> **Task to complete**
The line containing "Janhvi Kapoor sat" marks the end; return exactly every line from the start of the records up to and including it, but no pictures.

> **Records for the exercise**
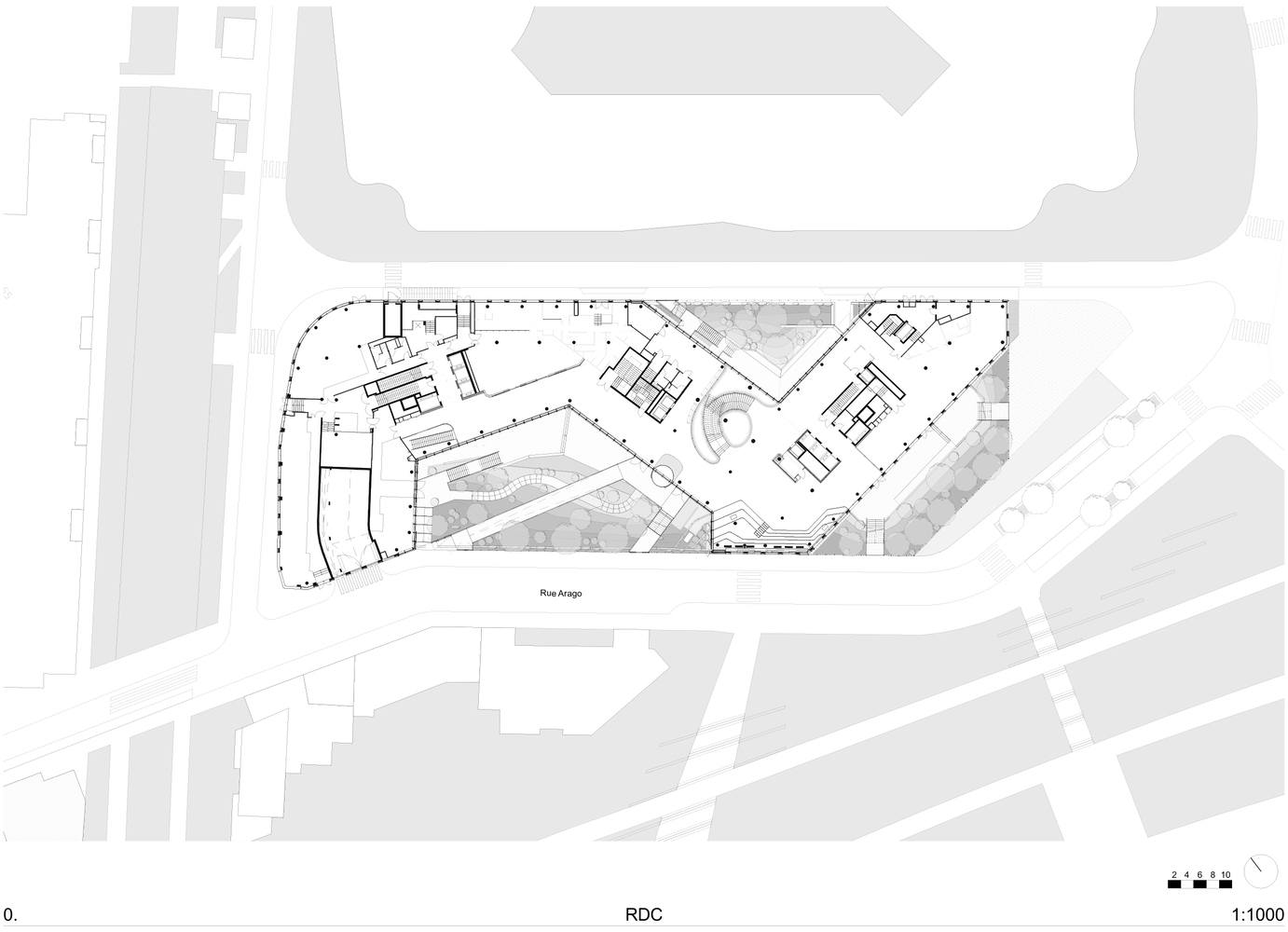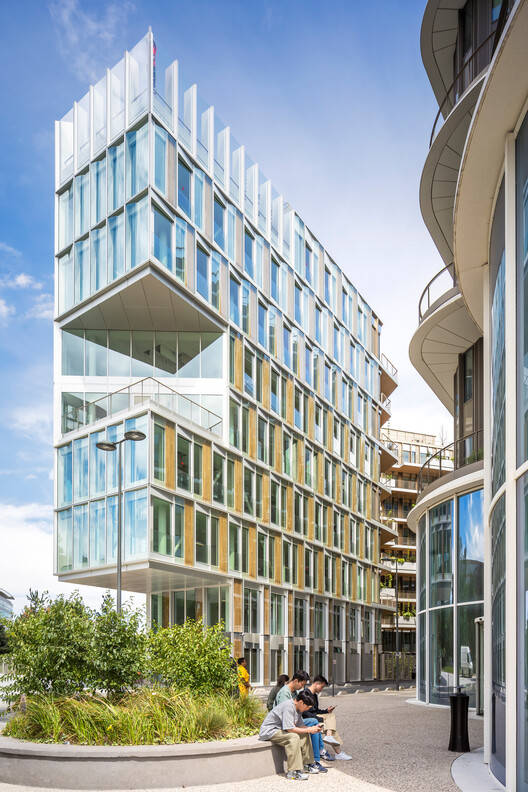 立面的差异化处理增强了这种柔和的过渡。建筑红线上的立面由并置框架的“均匀纹理”组成。这种水晶般的皮肤,以其多样的模块,给人一种宏伟的印象。另一方面,立面像景观洼地一样排列在弯曲处,由装有种植棚架的阳台(运行)组成。它们是意外之地、户外工作场所和高等教育课程中新的第三名。外部楼梯网络将每个露台和花园连接成一条连续的路径。
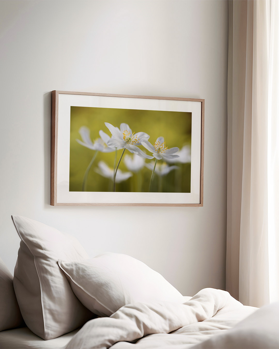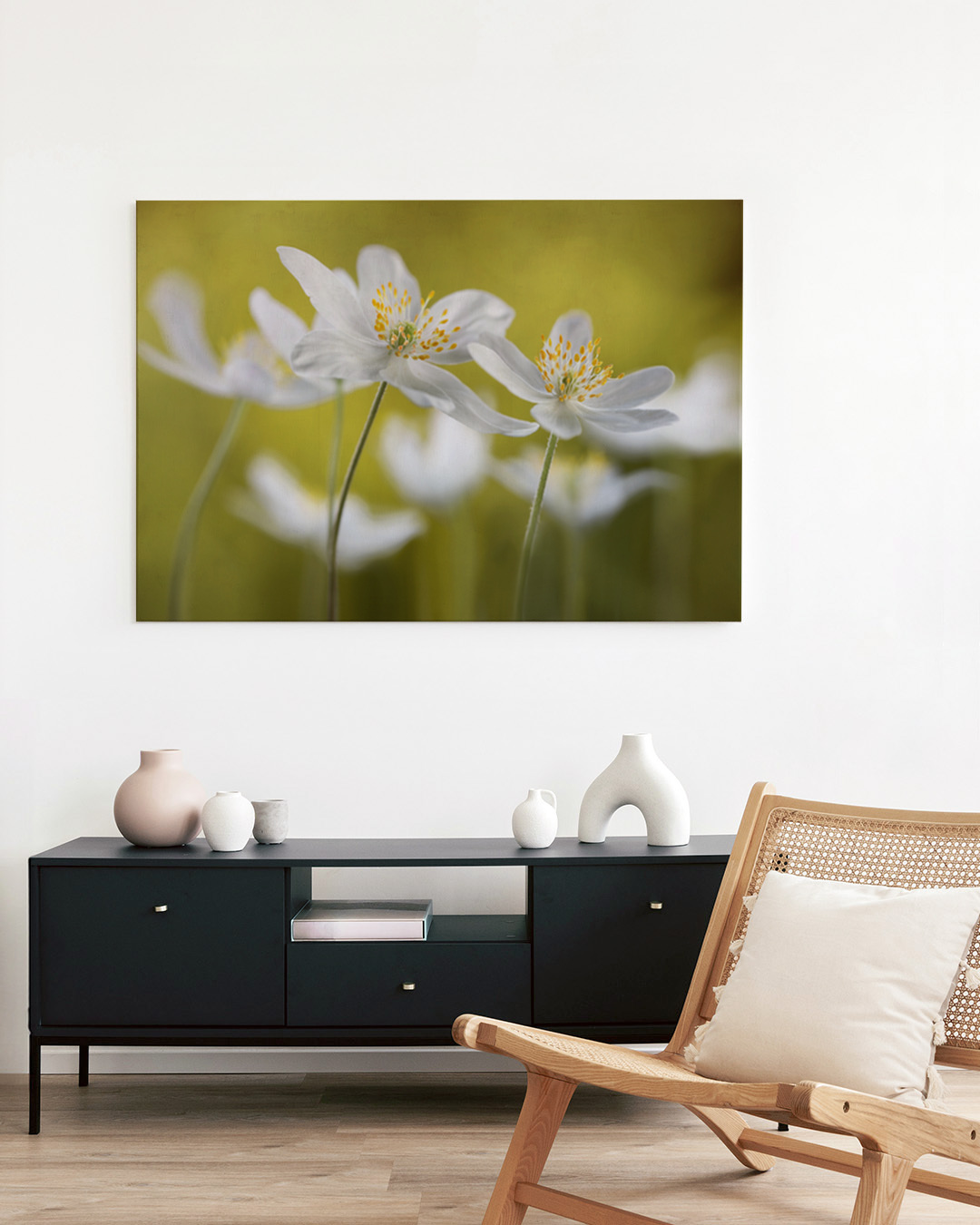 Erleben Sie die sanfte Schönheit der Buschwindröschen, eingefangen in exquisiter Makro-Detailierung von Mandy Disher. Ihre zarten Blütenblätter und weichen Farbtöne verkörpern den Charme der Natur und vermitteln ein beruhigendes und friedliches visuelles Erlebnis.
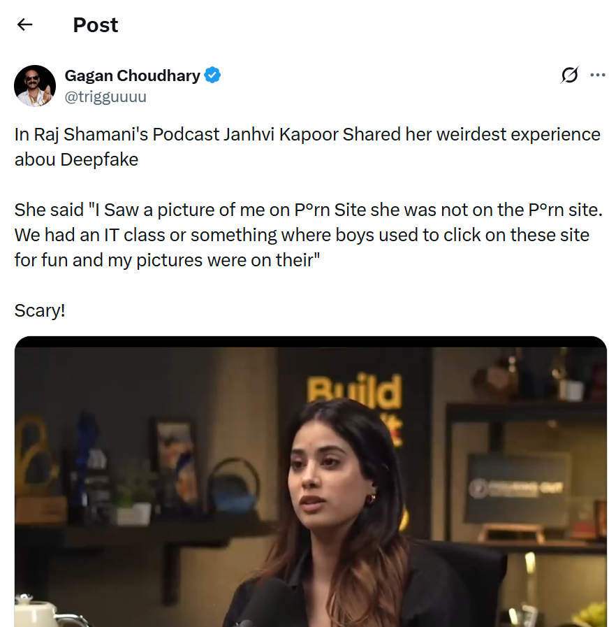 Janhvi Kapoor sat on raj Shamani’s podcast and casually unleashed one of the most disturbing celebrity confessions in recent memory. She described discovering her own face plastered on a porn website—except it wasn’t her body. It was a deepfake. Someone had taken her pictures and stitched them onto explicit content without her knowledge or consent.
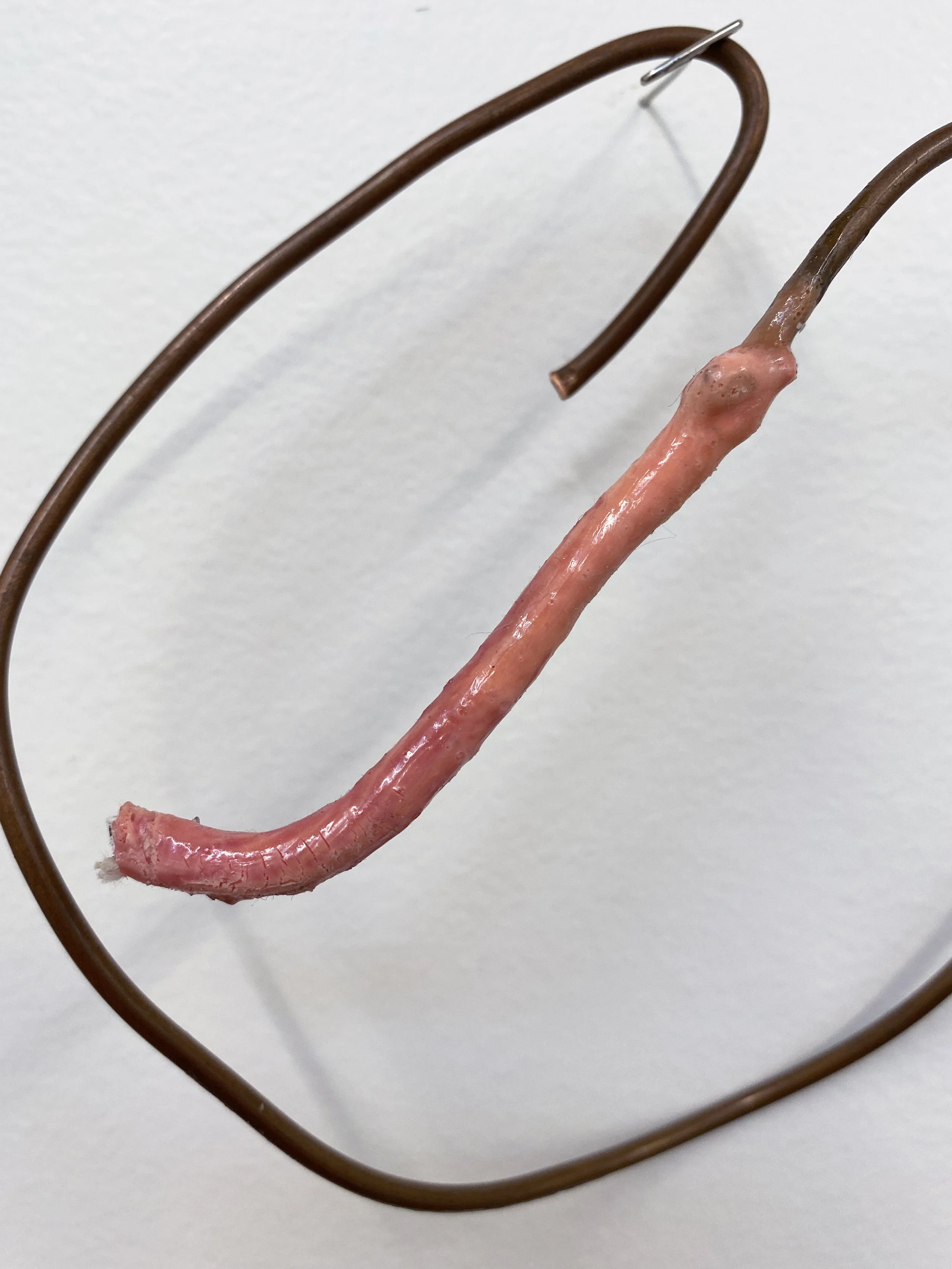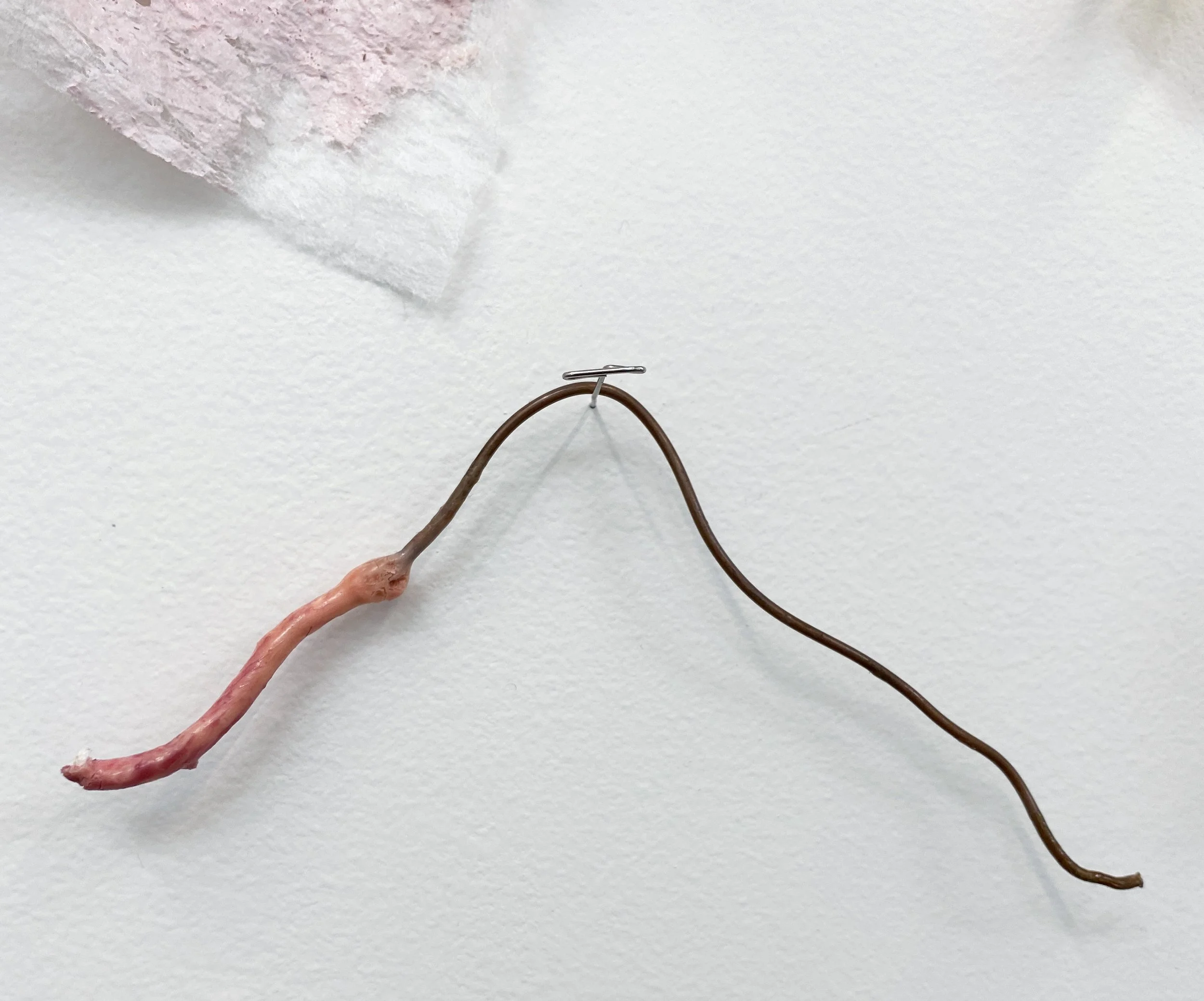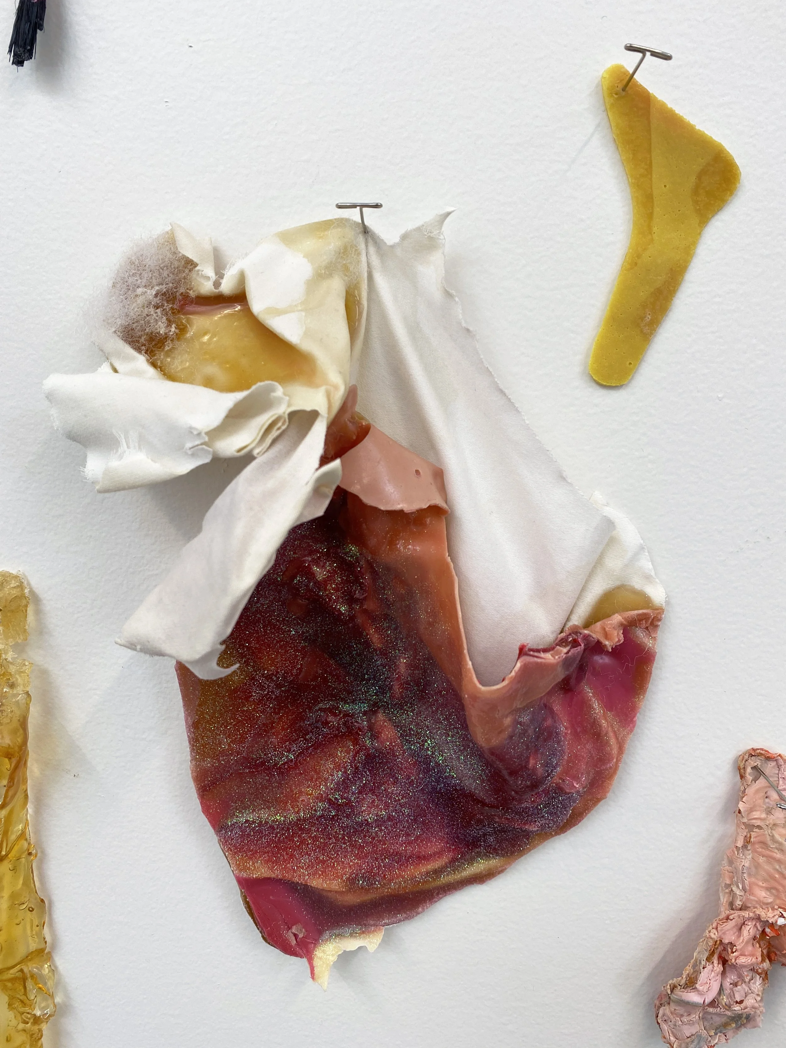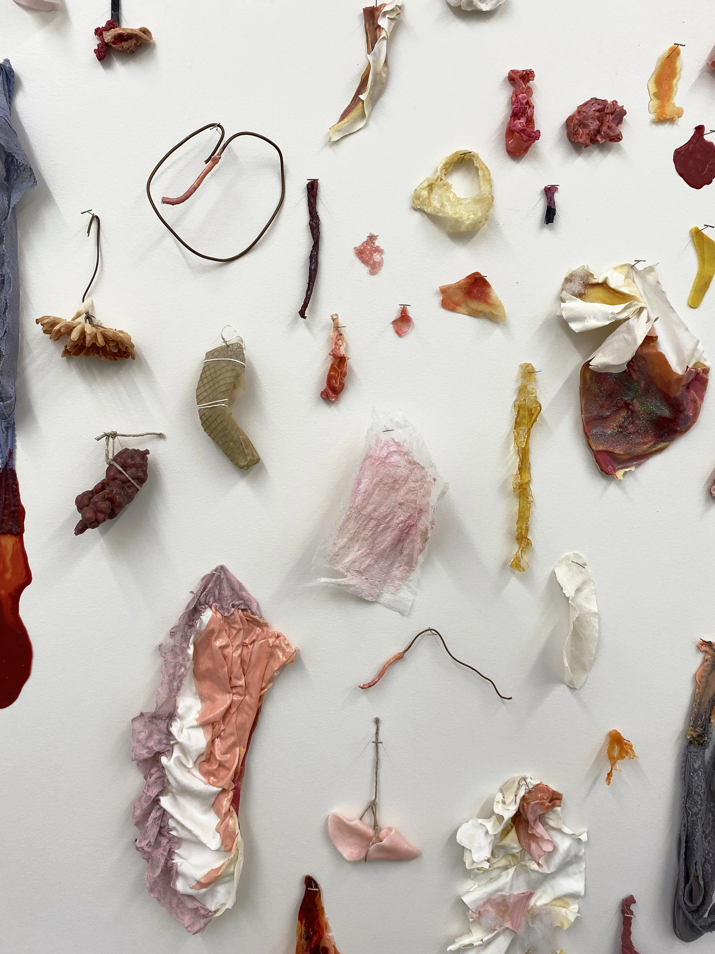 liquid latex, my worn underwear, acrylic paint, gouache, acrylic gloss medium, flannel bedsheets, paint brush bristles, twine, yarn, used dryer sheets, chicken wire, faux flowers, nylon, organza, military grade spill clean-up pouches, copper wire, T-pins
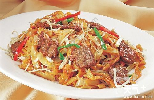 {干炒牛河,在广东是最常见的美食之一,到处都可以吃,主要以芽菜、河粉、牛肉等炒成。先把嫩牛肉炒至半熟。然后下油,炒香芽菜及洋葱,下河粉快炒,加入酱油及熟油,最后放入牛肉炒匀。干炒牛河十分讲究火候和手法,是考验厨师炒菜技术的一大测试,也是食客的美食天堂。
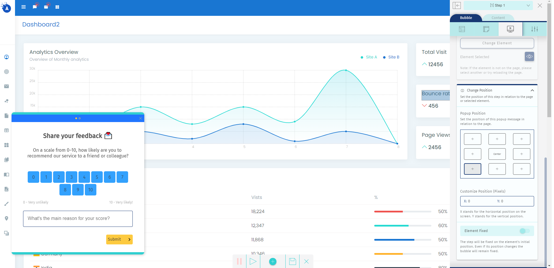 By default, your NPS will appear in the center of the screen. But with a few clicks, you can move it to different places on your page.
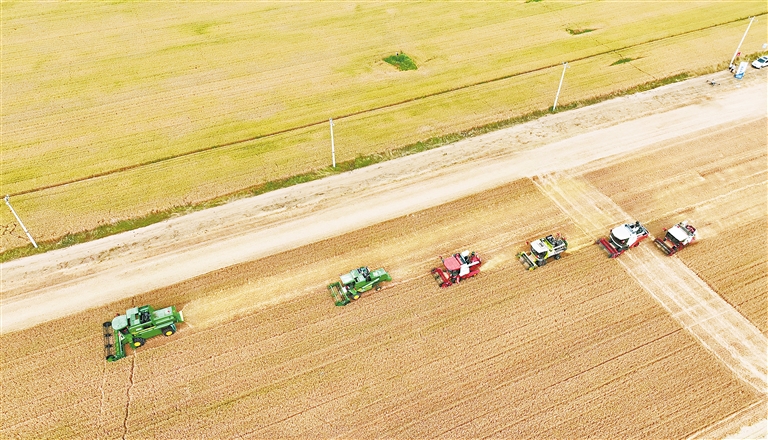 仲夏時(shí)節(jié),驕陽似火。炙熱的陽光,把豐收的麥地染成了金色。麥子熟了,喜悅寫滿莊稼人的臉龐,和他們一同喜上眉梢的還有新麥客。與傳統(tǒng)麥客不同,沒有鐮刀、麥垛,他們是跨省作業(yè),以一當(dāng)百的大型農(nóng)機(jī)手。

> **Solution to the problem**
 立面的差异化处理增强了这种柔和的过渡。建筑红线上的立面由并置框架的“均匀纹理”组成。这种水晶般的皮肤,以其多样的模块,给人一种宏伟的印象。另一方面,立面像景观洼地一样排列在弯曲处,由装有种植棚架的阳台(运行)组成。它们是意外之地、户外工作场所和高等教育课程中新的第三名。外部楼梯网络将每个露台和花园连接成一条连续的路径。
 Erleben Sie die sanfte Schönheit der Buschwindröschen, eingefangen in exquisiter Makro-Detailierung von Mandy Disher. Ihre zarten Blütenblätter und weichen Farbtöne verkörpern den Charme der Natur und vermitteln ein beruhigendes und friedliches visuelles Erlebnis.
 Janhvi Kapoor sat on raj Shamani’s podcast and casually unleashed one of the most disturbing celebrity confessions in recent memory. She described discovering her own face plastered on a porn website—except it wasn’t her body. It was a deepfake. Someone had taken her pictures and stitched them onto explicit content without her knowledge or consent.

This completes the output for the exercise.